$R$ is a commutative ring, show $xR[x]$ is prime iff $R[x]$ is an integral domain

Question

$R$ is a commutative ring, show $xR[x]$ is prime iff $R[x]$ is an integral domain and show $xR[x]$ is maximal iff $R[x]$ is a field.

Now, I'm trying to use the theorem that a quotient ring is an integral domain iff the ideal is prime, but this situation is a little different. Once I get one of the arguments down then i'm sure the only will follow by adopting a common strategy of how to turn the proof of why the quotient ring that is formed by using a maximal ideal is a field and adapting it to this situation. Any help is appreciated!!

Answer 1

Consider $f:R[X]\rightarrow R$ defined by $f(P)=P(0)$, it is a morphism and its kernel is $XR[X]$.

Answer 2

I'd encourage proving these lemmas, which are all worth knowing:

$R[x]/(x)\cong R$

and

$R/I$ is a domain iff $I$ is a prime ideal.

and

$R[x]$ is a domain iff $R$ is a domain

If you chain these together, you will have your answer to the first question.

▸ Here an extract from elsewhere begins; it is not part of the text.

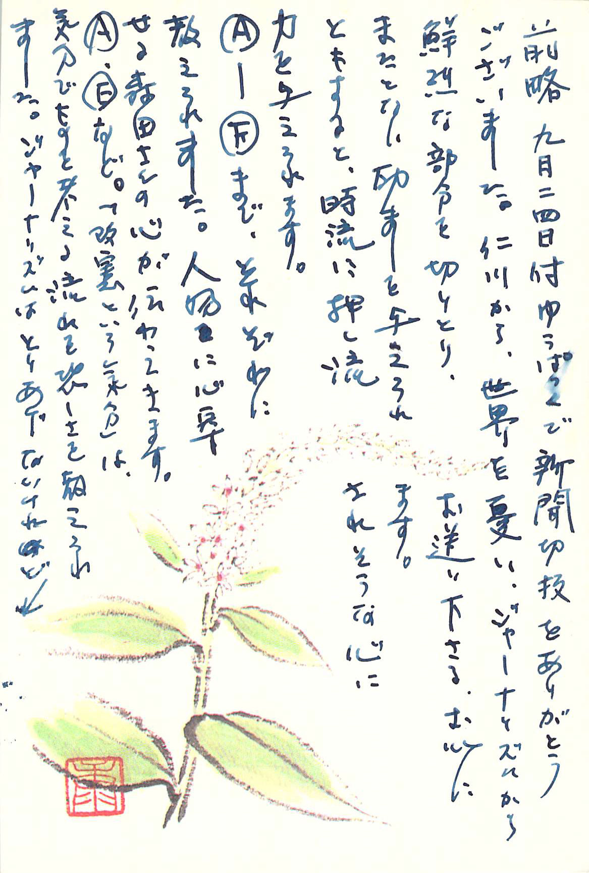 投稿日: 2004-09-302020-01-22 投稿者: 管理者書簡(2004 9月 ②) 2004.9.30、森田千秋さん(神戸教会員)宛 (前・川和教会代務者牧師 2002.7-2004.3、健作さん71歳) 書簡インデックスに戻る 次のハガキ

The second question about $R[x]$ being a field is bogus. It is never a field since it always has the nonzero proper ideal $(x)$.

---

There is another plausible interpretation of your problem, if you perhaps made a mistake when writing it:

Prove the following

1. $R$ is a domain iff $(x)$ is prime in $R[x]$.

2. $R$ is a field iff $(x)$ is maximal in $R[x]$.

Those both also follow from the above lemmas.